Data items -
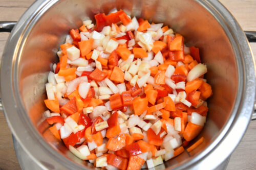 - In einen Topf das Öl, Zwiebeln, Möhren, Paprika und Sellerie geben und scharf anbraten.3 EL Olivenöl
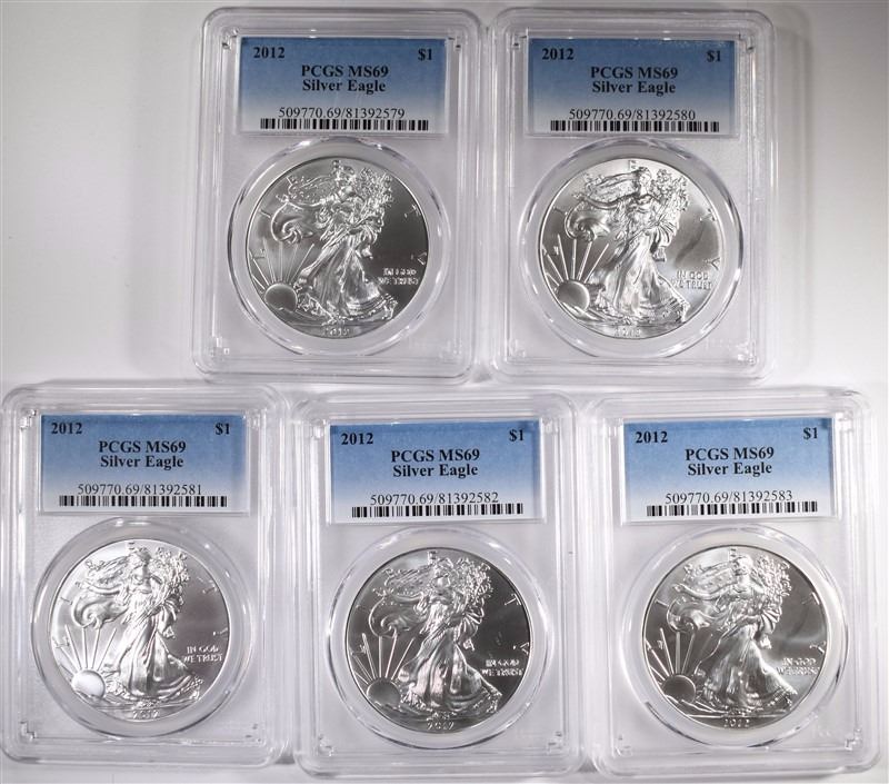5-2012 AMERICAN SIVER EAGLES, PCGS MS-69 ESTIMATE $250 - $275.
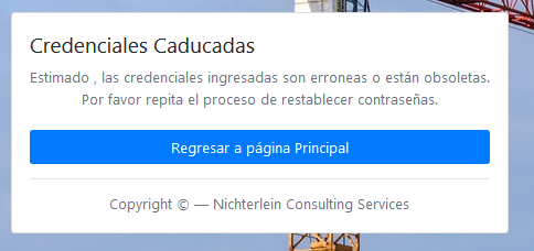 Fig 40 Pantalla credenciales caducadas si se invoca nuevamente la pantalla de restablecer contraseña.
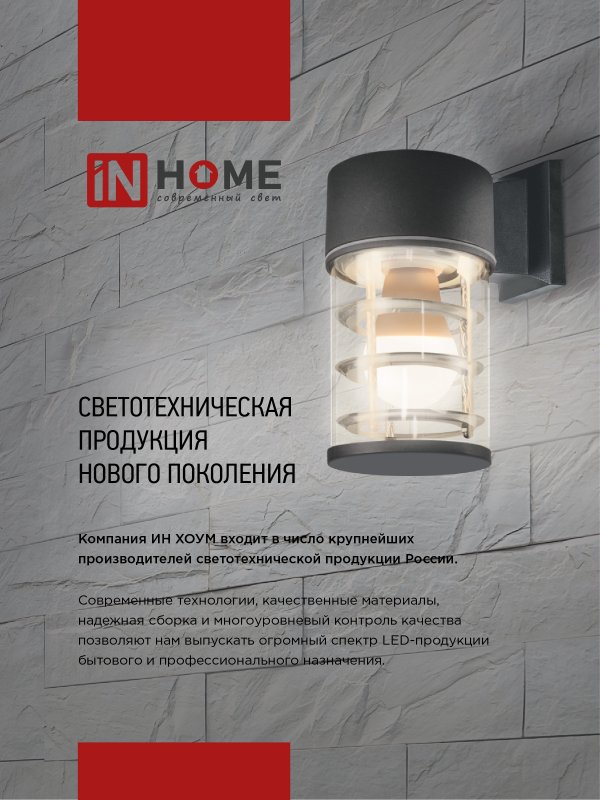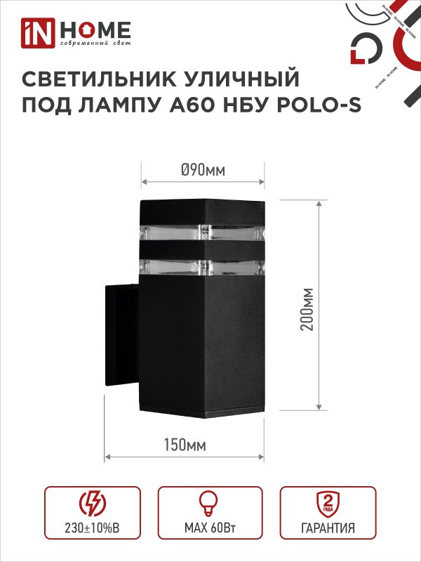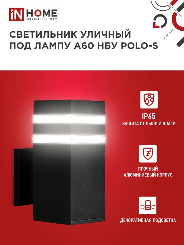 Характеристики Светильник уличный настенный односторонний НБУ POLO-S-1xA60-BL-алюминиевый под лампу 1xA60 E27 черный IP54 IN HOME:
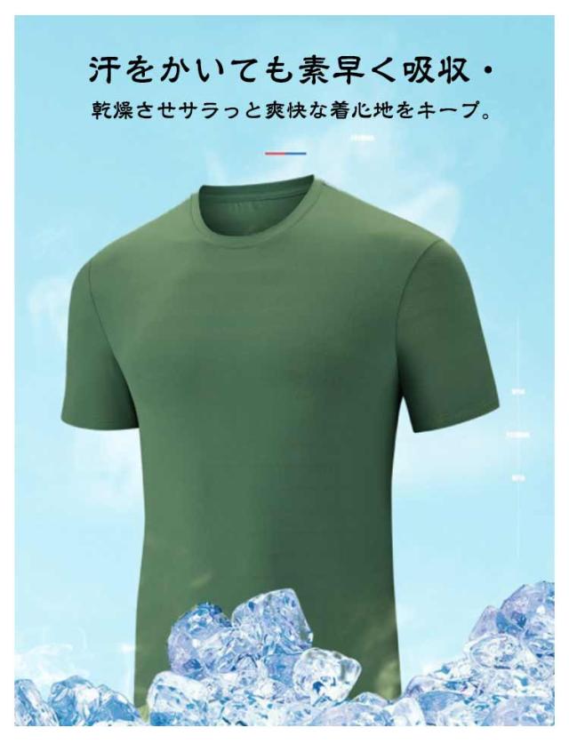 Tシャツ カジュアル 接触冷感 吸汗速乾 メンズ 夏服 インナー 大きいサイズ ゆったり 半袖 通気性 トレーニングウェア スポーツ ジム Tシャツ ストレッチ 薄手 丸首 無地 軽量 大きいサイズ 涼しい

Task statement - Ending at the line with "Характеристики Светильник уличный", reproduce exactly the lines that begin at the top of the data, and include no pictures.

Answer below -
 - In einen Topf das Öl, Zwiebeln, Möhren, Paprika und Sellerie geben und scharf anbraten.3 EL Olivenöl
5-2012 AMERICAN SIVER EAGLES, PCGS MS-69 ESTIMATE $250 - $275.
 Fig 40 Pantalla credenciales caducadas si se invoca nuevamente la pantalla de restablecer contraseña.
 Характеристики Светильник уличный настенный односторонний НБУ POLO-S-1xA60-BL-алюминиевый под лампу 1xA60 E27 черный IP54 IN HOME:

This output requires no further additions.